╔══

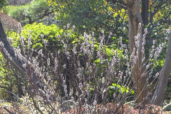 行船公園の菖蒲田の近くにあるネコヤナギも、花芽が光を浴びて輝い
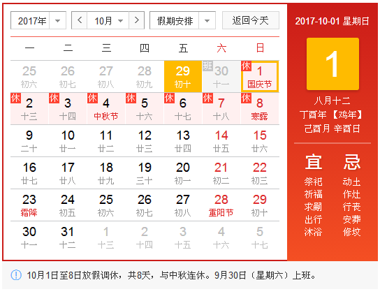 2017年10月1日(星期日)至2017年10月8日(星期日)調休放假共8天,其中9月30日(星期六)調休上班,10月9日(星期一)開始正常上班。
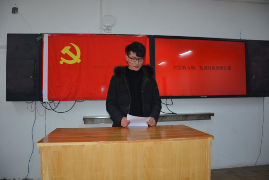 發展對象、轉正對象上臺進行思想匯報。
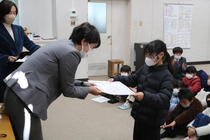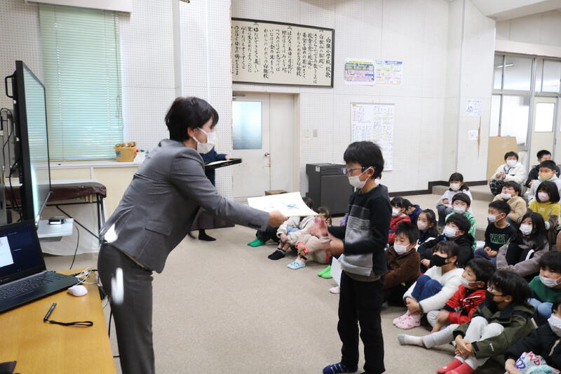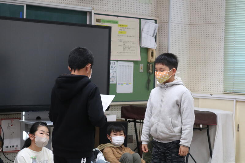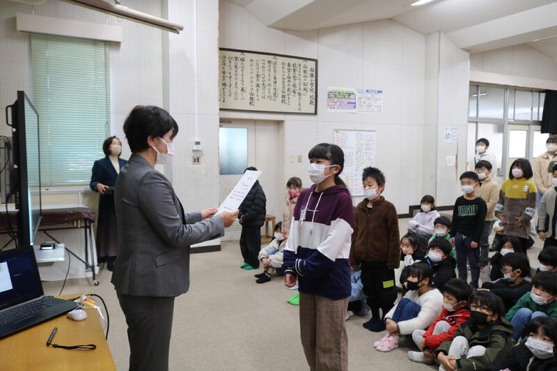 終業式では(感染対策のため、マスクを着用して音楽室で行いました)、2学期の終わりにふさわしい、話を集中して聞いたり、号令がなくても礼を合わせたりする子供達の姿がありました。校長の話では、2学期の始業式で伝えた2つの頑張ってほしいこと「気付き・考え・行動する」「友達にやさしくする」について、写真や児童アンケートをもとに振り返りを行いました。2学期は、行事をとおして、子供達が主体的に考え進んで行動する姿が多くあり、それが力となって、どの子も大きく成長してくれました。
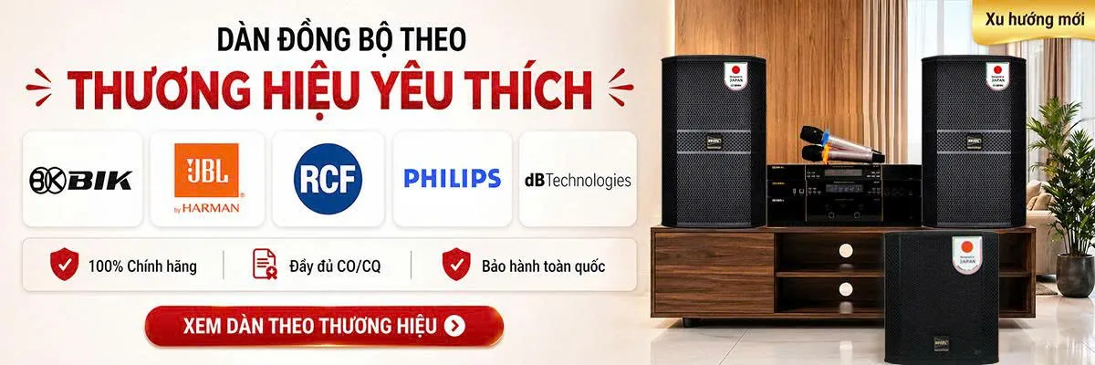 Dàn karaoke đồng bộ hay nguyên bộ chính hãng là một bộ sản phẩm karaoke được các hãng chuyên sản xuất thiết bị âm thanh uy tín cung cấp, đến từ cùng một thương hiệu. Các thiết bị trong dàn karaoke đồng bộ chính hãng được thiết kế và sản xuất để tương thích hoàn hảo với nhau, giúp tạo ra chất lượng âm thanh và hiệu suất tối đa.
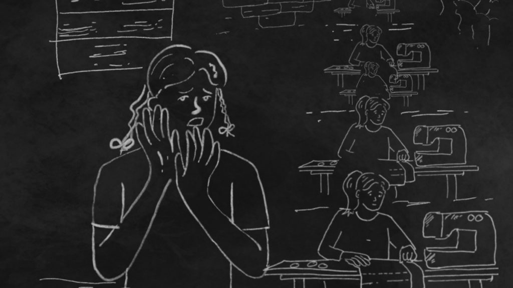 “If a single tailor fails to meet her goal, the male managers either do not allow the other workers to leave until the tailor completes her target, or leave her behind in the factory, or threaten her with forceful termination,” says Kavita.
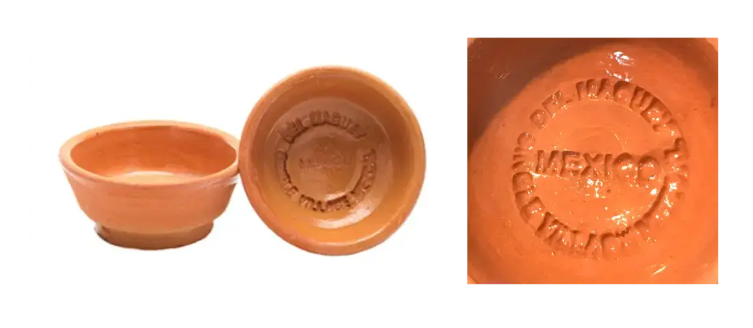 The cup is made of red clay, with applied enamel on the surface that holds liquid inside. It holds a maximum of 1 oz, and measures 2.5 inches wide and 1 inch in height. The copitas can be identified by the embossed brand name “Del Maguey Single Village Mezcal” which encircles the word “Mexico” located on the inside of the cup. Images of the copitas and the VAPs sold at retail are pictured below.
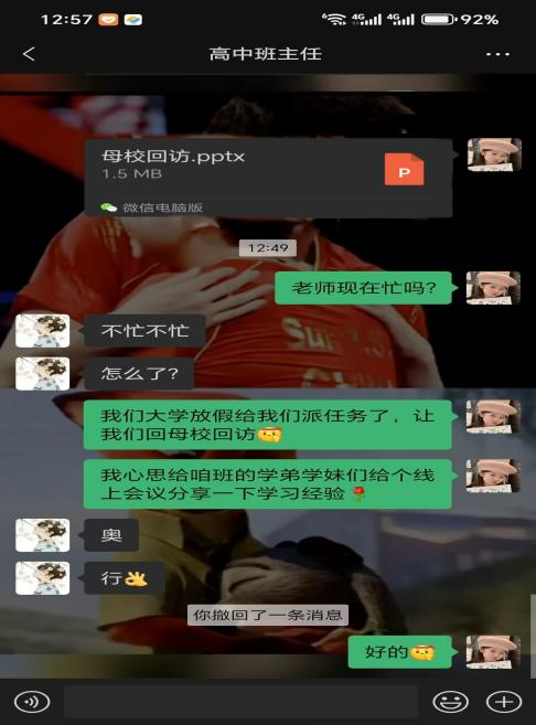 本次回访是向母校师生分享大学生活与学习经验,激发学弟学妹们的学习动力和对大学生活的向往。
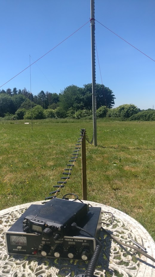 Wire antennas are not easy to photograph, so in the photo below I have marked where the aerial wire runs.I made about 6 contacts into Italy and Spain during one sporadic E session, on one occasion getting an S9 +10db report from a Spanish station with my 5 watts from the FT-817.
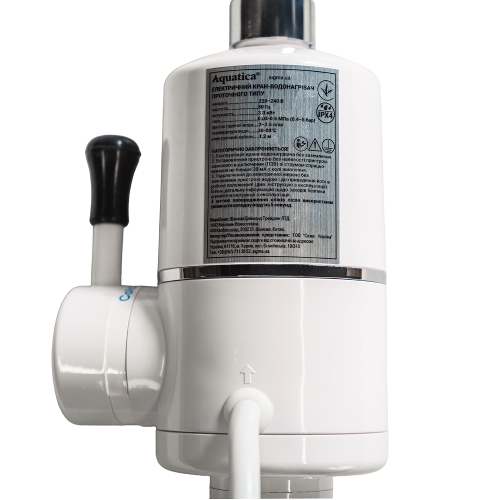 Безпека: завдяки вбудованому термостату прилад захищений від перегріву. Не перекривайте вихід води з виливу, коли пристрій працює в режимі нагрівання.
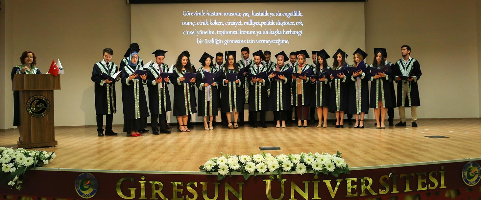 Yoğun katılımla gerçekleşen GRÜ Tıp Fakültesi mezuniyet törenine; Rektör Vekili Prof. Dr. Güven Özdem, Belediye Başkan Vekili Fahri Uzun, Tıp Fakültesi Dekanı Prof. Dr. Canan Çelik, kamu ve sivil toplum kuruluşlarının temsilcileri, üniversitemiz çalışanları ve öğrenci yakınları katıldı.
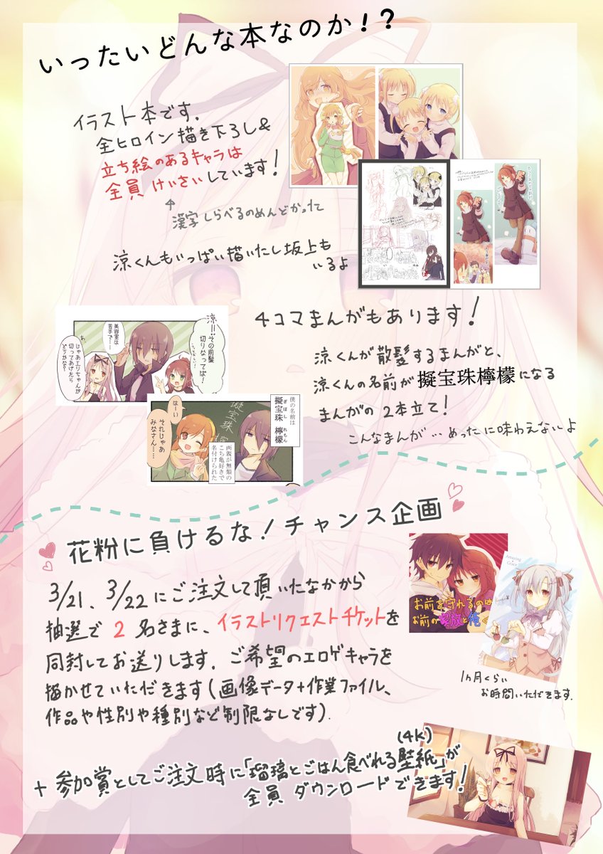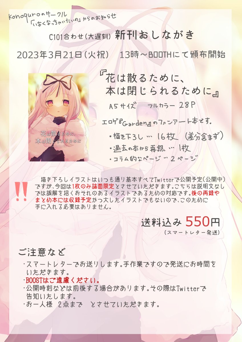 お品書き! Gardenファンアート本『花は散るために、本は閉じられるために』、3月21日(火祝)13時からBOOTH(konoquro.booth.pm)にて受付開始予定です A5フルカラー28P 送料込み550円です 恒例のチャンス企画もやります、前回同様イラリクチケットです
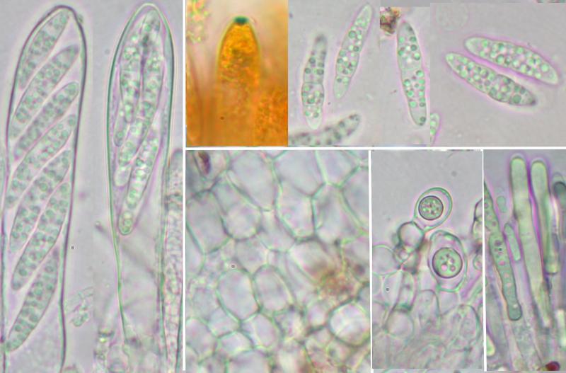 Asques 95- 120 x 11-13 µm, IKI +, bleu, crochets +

╚══

**WHAT THE EXERCISE ASKS**
Copy nothing but the lines from the line holding "a single tailor" through the last line of the entries, exactly, while leaving out the pictures.

**RESPONSE BOX**
 “If a single tailor fails to meet her goal, the male managers either do not allow the other workers to leave until the tailor completes her target, or leave her behind in the factory, or threaten her with forceful termination,” says Kavita.
 The cup is made of red clay, with applied enamel on the surface that holds liquid inside. It holds a maximum of 1 oz, and measures 2.5 inches wide and 1 inch in height. The copitas can be identified by the embossed brand name “Del Maguey Single Village Mezcal” which encircles the word “Mexico” located on the inside of the cup. Images of the copitas and the VAPs sold at retail are pictured below.
 本次回访是向母校师生分享大学生活与学习经验,激发学弟学妹们的学习动力和对大学生活的向往。
 Wire antennas are not easy to photograph, so in the photo below I have marked where the aerial wire runs.I made about 6 contacts into Italy and Spain during one sporadic E session, on one occasion getting an S9 +10db report from a Spanish station with my 5 watts from the FT-817.
 Безпека: завдяки вбудованому термостату прилад захищений від перегріву. Не перекривайте вихід води з виливу, коли пристрій працює в режимі нагрівання.
 Yoğun katılımla gerçekleşen GRÜ Tıp Fakültesi mezuniyet törenine; Rektör Vekili Prof. Dr. Güven Özdem, Belediye Başkan Vekili Fahri Uzun, Tıp Fakültesi Dekanı Prof. Dr. Canan Çelik, kamu ve sivil toplum kuruluşlarının temsilcileri, üniversitemiz çalışanları ve öğrenci yakınları katıldı.
 お品書き! Gardenファンアート本『花は散るために、本は閉じられるために』、3月21日(火祝)13時からBOOTH(konoquro.booth.pm)にて受付開始予定です A5フルカラー28P 送料込み550円です 恒例のチャンス企画もやります、前回同様イラリクチケットです
 Asques 95- 120 x 11-13 µm, IKI +, bleu, crochets +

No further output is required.